Thursday, June 21, 2012

Mary Mary quite contrary, how does your garden grow

When I write I typically start with a small idea or a simple scene and sort of allow the story to happen. Sometimes the story ends with that moment. To be honest most of my stories are small. I don't want to say they are short stories, because while they are short, I am not certain that the tag of short story fits them. They are what I think of in my  head as small.

Small stories are just little ideas that do not have far to go in their journey. Sometimes small stories can grow into big stories, but mostly they are just small. They tell what they came to tell and then are done. I like small stories as they are easy to complete and incredibly satisfying.

I tend to find that small stories are ones that have little outside influence on them. I write them off of a thought that randomly pops into my head or something I saw in passing. Their inspiration is so fleeting that there really is not far for them to go, or much for them to feed on and grow.

It is when my inspiration is larger and has more scale that a big story is born. I always think that they will just be small stories, perhaps a scene or two, but that is never how it works. One scene turns into two, two into ten, and before I  know it I have been feverishly writing for hours and have ten thousand words that have poured from my finger tips onto the computer screen.

My biggest problem is keeping the momentum. Writing isn't a job for me or even a hobby that takes my full focus. Finding the time to be consumed by a story can be tricky in my day to day life. Finding the sort of inspiration that will continue to feed a growing story is also no easy task.

Unless I use music. Music never really ends. Even if it is just one song that inspires me all I need is to hear that song again and suddenly the story begins to churn and bubble and is ready to again consume me so it can grow.

A few years ago, only days after faire had ended, I was sitting at work and decided to listen to the CD of some of my friends. Their group is called Travelers Song and they sing mostly folk and drinking songs with a lot of Irish influence*. I had a scene that had been flashing in my head all morning and I decided that I should write it out as I was listening to this CD.

Five hours later I had ten thousand words in a file and an entirely new world alive and well in my head. This was no small story. This story was a creature that was alive and growing by leaps and bounds. I nurtured the story, I brainstormed it with my writers group, I brainstormed it with the husbeast, I jotted ideas and scenes on napkins in restaurants, I let it live in me.

Slowly though, as a story is want to do, it became quiet and still until it finally lay dormant. When I sat to work on it nothing new came about. The same old things just rattled around in my head. No one was moving anywhere or doing anything. My story had no future because there was a problem in the present that had to be solved before a path could be chosen.

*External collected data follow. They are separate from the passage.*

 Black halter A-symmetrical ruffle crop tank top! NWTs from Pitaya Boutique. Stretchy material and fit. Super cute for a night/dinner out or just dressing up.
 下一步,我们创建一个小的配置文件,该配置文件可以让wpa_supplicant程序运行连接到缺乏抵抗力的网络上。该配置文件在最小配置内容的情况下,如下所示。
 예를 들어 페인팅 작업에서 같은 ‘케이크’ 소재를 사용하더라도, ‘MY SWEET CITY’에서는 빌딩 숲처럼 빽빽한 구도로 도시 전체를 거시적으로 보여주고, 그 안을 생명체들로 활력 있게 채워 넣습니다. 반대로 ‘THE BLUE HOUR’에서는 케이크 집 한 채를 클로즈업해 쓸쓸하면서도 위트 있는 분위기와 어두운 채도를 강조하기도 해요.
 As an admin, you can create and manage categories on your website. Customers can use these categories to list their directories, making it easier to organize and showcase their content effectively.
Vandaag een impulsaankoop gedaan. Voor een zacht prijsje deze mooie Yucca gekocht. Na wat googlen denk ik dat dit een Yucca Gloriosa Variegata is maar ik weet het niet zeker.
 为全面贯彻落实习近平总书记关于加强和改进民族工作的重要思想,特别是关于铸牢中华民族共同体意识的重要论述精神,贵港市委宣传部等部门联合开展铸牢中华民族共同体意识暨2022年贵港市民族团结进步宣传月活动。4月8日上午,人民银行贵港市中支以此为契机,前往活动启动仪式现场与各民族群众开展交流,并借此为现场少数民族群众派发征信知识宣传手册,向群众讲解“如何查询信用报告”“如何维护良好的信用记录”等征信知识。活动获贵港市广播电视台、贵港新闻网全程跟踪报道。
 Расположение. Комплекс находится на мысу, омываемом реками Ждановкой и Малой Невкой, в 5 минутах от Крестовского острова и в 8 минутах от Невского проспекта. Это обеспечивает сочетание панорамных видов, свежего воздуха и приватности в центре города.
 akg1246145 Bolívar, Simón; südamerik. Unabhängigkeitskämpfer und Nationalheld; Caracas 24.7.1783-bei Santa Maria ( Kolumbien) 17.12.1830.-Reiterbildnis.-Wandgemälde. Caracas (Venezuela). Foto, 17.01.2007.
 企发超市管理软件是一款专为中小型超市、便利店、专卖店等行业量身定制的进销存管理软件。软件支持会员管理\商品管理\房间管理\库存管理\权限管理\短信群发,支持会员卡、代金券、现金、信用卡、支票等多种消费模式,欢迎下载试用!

If she lives it means one thing and if she dies it is another. Or does she really matter at all? Perhaps she was just a device to get things started and the story does not live in her but in the men. Still if she dies it changes how the story lives in them.

These questions were ones I couldn't answer. I killed her and nothing happened. I let her live and nothing happened. The story was not ready to grow. The story was ready to sleep after its growth spurt. So I left it to sleep. I had other stories and other projects to work on. If this story was ever to grow into what it should be it would do it in its own time.

I know a lot of writers who would say that is something you should really not do. Once you leave a story like that you have pretty much admitted it is dead. If you leave it alone too long nothing will ever come of it. I can not say that they are wrong. I can't say that most of the time I never go back. That is why most of my stories are small.

This story though, it was born of music. Every time that Travelers Song pops up on my iPod there is a fluttering in the back of my mind. I think fondly on the slumbering story, a warmth in me as I remember how good it felt to be consumed by it in those first few days. Still it is only a stirring.

Then it happened quite unexpectedly. Yesterday The Briar and The Rose played through on shuffle, and the words just never left my head. The tune haunted me through my work, and late into the evening. I lay in bed unable to sleep, still hearing the song, only I realized that was not all I was hearing.

I was hearing words.
Dialogue.
A scene.

The story was awake again.

I threw myself out of bed and at my laptop, typing away with a renewed conviction. The story that had lay silent for nearly three years was chattering on in my head as though it had  never stopped. It had begun to grow again. The girl was alive, the men had purpose, the path was so very clear.

Half an hour and almost three thousand words flew by. I sat smiling at the screen filled with a contentment that comes from creating something new. I pasted my new words into the file with the rest of the story. It was raw and ugly, names that I had forgotten were substituted with crude place holders, dialogue was choppily thrown down, descriptions were barely hashed out, but it was there.

It was my story, there and finally ready to grow.



*I am certain the boys would bill themselves differently but that is the best I can do without just dumbly saying 'Its pretty music!'. What? I am not a music person. I like it or I don't.

1 comment:

  1. Catherine ChambersJune 22, 2012 at 10:46 PM

    I love those Traveller's Song boys! You did well on that description. I like this bit a lot. Glad you can have some fun and some new inspiration :) can't wait to read it.